■ Dataset excerpts:
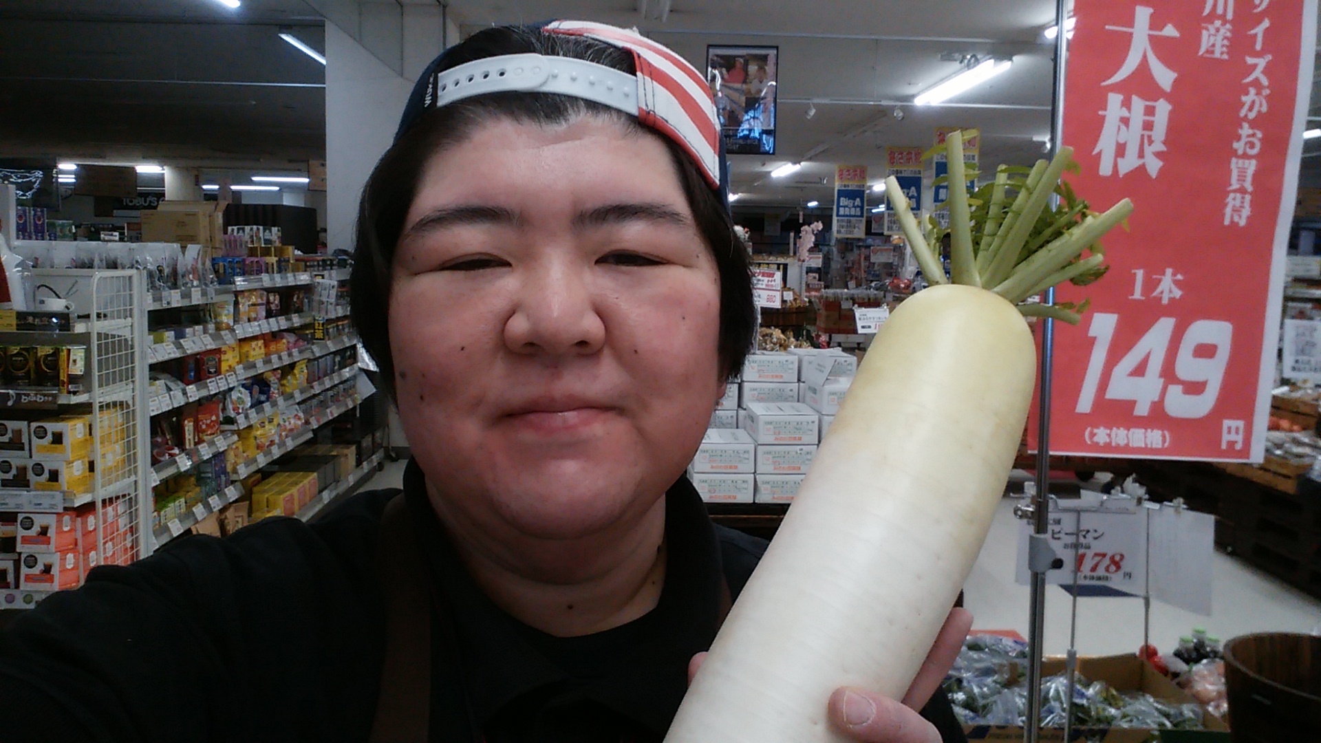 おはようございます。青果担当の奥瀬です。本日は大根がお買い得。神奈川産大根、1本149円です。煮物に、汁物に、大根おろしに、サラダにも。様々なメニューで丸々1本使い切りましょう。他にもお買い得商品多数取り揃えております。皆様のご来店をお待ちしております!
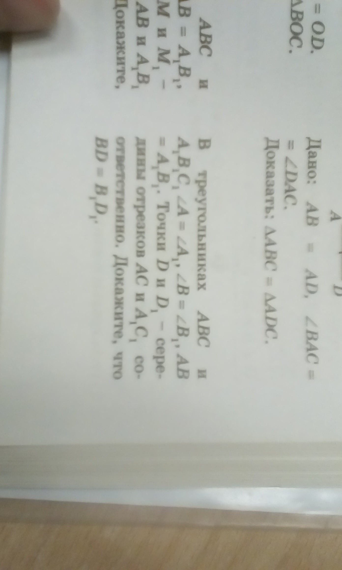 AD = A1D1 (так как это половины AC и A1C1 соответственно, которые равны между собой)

--

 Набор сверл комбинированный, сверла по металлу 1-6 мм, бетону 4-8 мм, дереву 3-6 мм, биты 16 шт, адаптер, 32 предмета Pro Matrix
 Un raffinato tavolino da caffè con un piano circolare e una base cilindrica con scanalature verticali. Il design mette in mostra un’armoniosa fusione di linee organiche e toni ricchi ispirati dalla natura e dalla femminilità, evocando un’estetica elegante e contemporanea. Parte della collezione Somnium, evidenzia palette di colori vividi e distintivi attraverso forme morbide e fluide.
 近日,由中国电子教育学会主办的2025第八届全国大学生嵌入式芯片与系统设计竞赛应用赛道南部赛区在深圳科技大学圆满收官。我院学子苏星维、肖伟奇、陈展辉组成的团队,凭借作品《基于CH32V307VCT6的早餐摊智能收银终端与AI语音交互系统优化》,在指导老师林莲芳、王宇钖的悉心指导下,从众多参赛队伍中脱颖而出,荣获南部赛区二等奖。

■ Exercise aim: What is needed is an exact copy of the lines above, from the one holding "おはようございます。青果担当" down to the one holding "AD = A1D1 (так", with those two included and the pictures left out.

■ Answer to the problem:
 おはようございます。青果担当の奥瀬です。本日は大根がお買い得。神奈川産大根、1本149円です。煮物に、汁物に、大根おろしに、サラダにも。様々なメニューで丸々1本使い切りましょう。他にもお買い得商品多数取り揃えております。皆様のご来店をお待ちしております!
 AD = A1D1 (так как это половины AC и A1C1 соответственно, которые равны между собой)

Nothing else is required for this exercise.